Sometimes people are blind. They only see what's on the outside, they only see what they know and the scars. For me, anorexia and self-harm was sort of a way for me to show the pain I felt inside, I guess. I mean sometimes I wanna scream at my mom and say "I have a bloody eating disorder! Is THAT bad enough for you?!"

But the thing is though, they DO care. But what can they do? They don't know how to help you.

And most of all, admitting you have a problem is admitting they cannot help their precious little girl on their own, they feel like they've failed as parents and your friends, people see what they want to see, Ella. They don't want to see the cruelty in this world.
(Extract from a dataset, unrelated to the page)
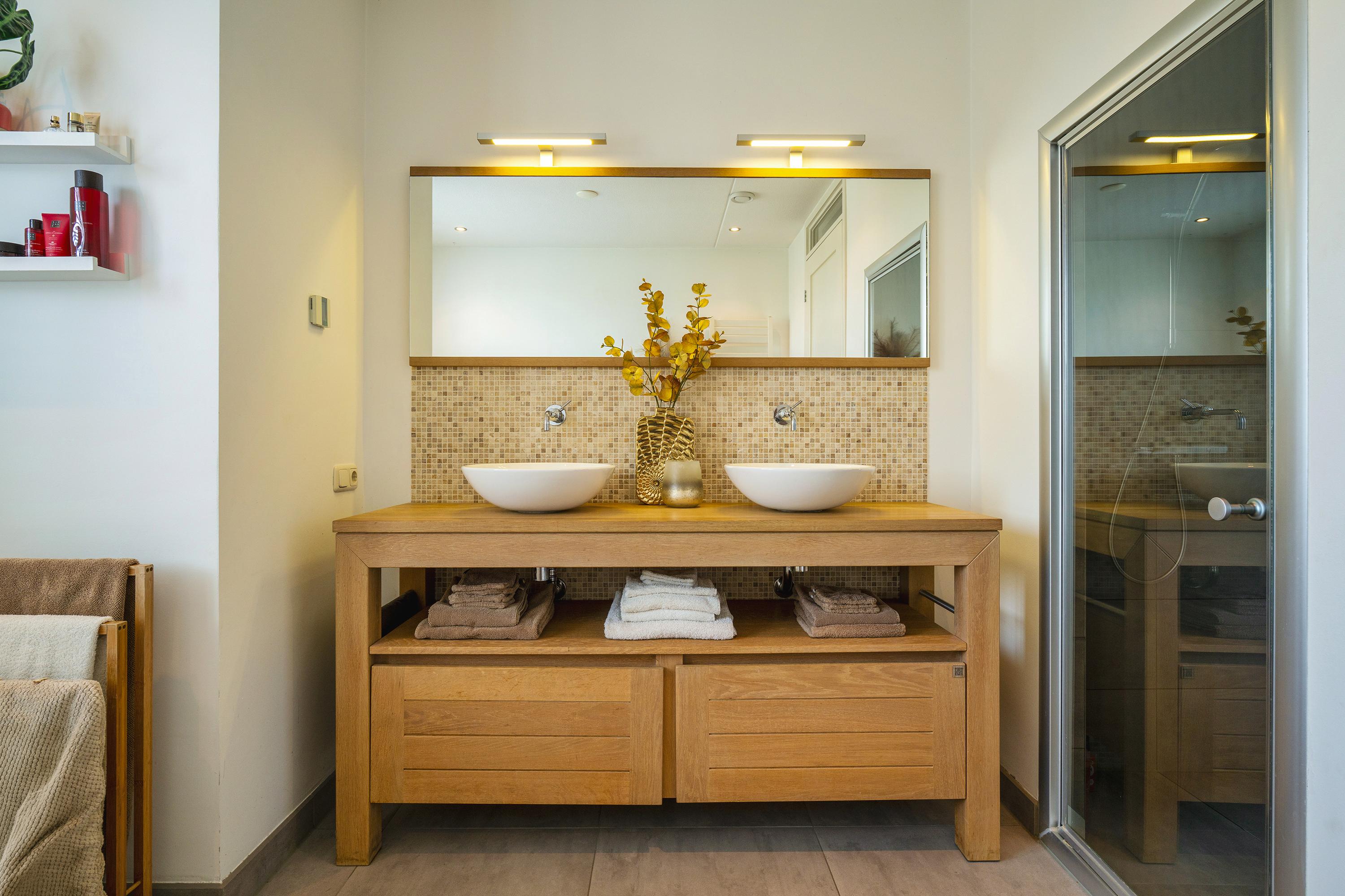 Landing with access to 2 bedrooms, one of which is a very spacious (master) bedroom at the rear with French balconies and a view of the water. The bathroom is luxuriously finished and equipped with a freestanding bathtub, a spacious double shower with steam cabin function, and an oak vanity with double sinks. Opposite the bathroom is a spacious walk-in closet.
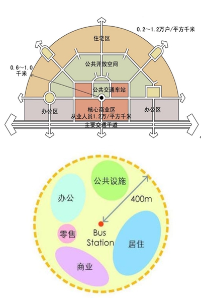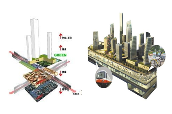 TOD模式:“以公共交通为导向”的开发模式,主要是指以地铁、公交干线等枢纽站点为中心,以400~800米(5~10分钟步行路程)为半径,将出行、居住、工作、购物、休闲、娱乐等功能集中于一体,形成高效、集约、舒适、绿色的城市空间。如今,TOD结合地铁、轻轨等公共交通新技术,纳入绿色、环保和可持续发展理念,已成为大型城市发展规划的首选模式。而TOD模式的内核,与 “十三五”提出的“创新、协调、绿色、开放、共享”五大发展理念亦不谋而合。

We're older on the inside than a lot of people. I don't tell my friends because I want them to hold on to their innocence, the innocence I envy so, so much. They don't know. I mean, they probably know about self-harm and depression, but they'd never imagine it on someone they actually knew.

I dropped to 50 pounds. Now I'm back to normal but no one's mentioned the "anorexia" word in context to me, at least, not to my face. Honestly, I wanted someone to notice when I was 50 pounds. Now I don't even look the part.

But it's okay, Ella. We might not be your real life friends but we're here. And honestly, you are your own best friend. Only you know.

Love,
Faith And Trust

morbidmonkey
July 18th, 2011, 10:30 AM
Thanks Z (if I can call you that). I hope one day SOMEBODY will be able to help us, all of us. But while we wait for that, we should try to keep strong...and not hurt ourselves.